Moritz Stoppelkamp (born 11 December 1986) is a German footballer who plays as a midfielder for MSV Duisburg.

Club career
Stoppelkamp played for Rot-Weiss Essen from July 2005 to August 2006. He made 15 appearances during the 2005–06 season. He was loaned to Rot-Weiß Erfurt for the 2006–07 season. During the 2006–07 season, he made 21 appearances for the first team and scored a goal in four appearances for the reserve team. Stoppelkamp returned to Rot-Weiss Essen for the 2007–08 season. During the 2007–08 season, Stoppelkamp scored two goals in 11 appearances.

Stoppelkamp made his debut on the professional league level in the 2. Bundesliga for Rot-Weiß Oberhausen on 17 August 2008, when he started in a game against TuS Koblenz. He finished the 2008–09 season with 16 appearances. During the 2009–10 season, he scored nine goals in 33 appearances.

He joined Hannover 96 for the following two season. During the 2010–11 season, Stoppelkamp made 24 appearances. During the 2011–12 season, he made 28 appearances.

He joined 1860 Munich for the 2012–13 and 2013–14 seasons. During the 2012–13 season, he scored nine goals in 36 appearances. During the 2013–14 season, he scored seven goals in 36 appearances.

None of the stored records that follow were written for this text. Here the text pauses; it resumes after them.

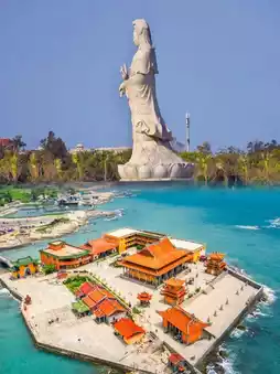 💦 Golden Coast Resort: One of the eighteen scenic spots in Quanzhou, the Guanyin stone statue and the giant cruise ship are very distinctive.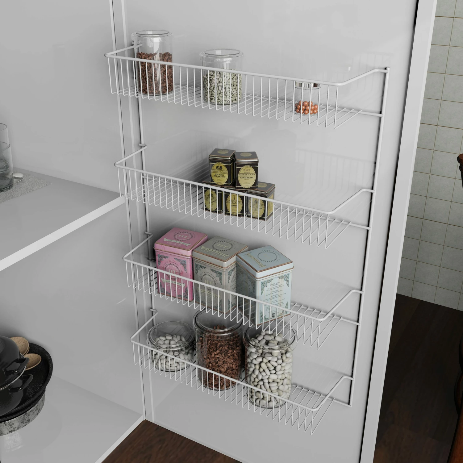 Customize your kitchen, bath or utility space with this 4-tier shelf. This item features small mesh wire to prevent small items from falling through. Great for any room.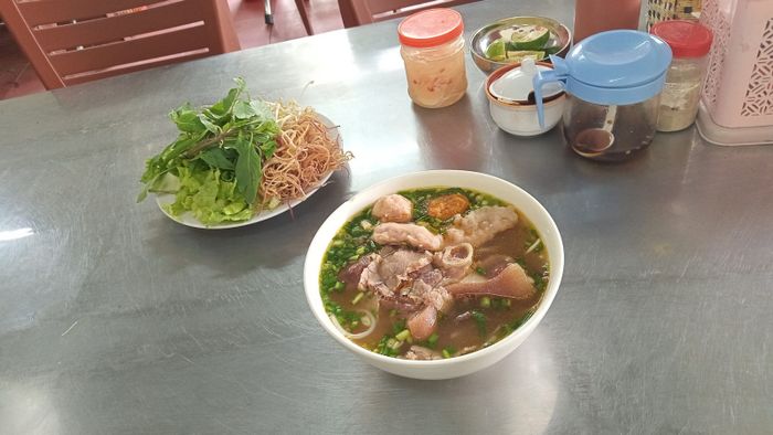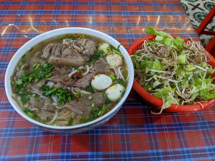 Bát bún to, đầy ắp đủ từ móng, mọc, thịt, thịt bò, tiết khiến thực khách mê mẩn. Nước lèo thơm mùi sả và hành hoa, vị ngọt dịu của xương hầm đúng độ, không quá nhiều mỡ nên không bị ngấy, kết hợp với tí ớt cay cay, măng chua chua, tạo nên hương vị đậm đà, thơm ngon khó cưỡng. Sợi bún mềm trơn, dai dẻo, trắng sáng tự nhiên. Thịt bò được thái thành miếng to, ngon miệng. Đặc biệt, ăn kèm với nhiều loại rau thơm và nửa quả chanh, tạo điểm nhấn hoàn hảo cho mỗi bữa ăn.

Joining SC Paderborn he was a regular starter for the team on the right side of the midfield. On 20 September 2014, Stoppelkamp scored a goal from 83 metres in a 2–0 victory against former club Hannover, a record in Bundesliga history. He finished the 2014–15 season with four goals in 28 appearances. During the 2015–16 season, he scored six goals in 31 appearances.

During the 2016–17 season, Stoppelkamp played for Karlsruher SC, where he scored four goals in 24 appearances.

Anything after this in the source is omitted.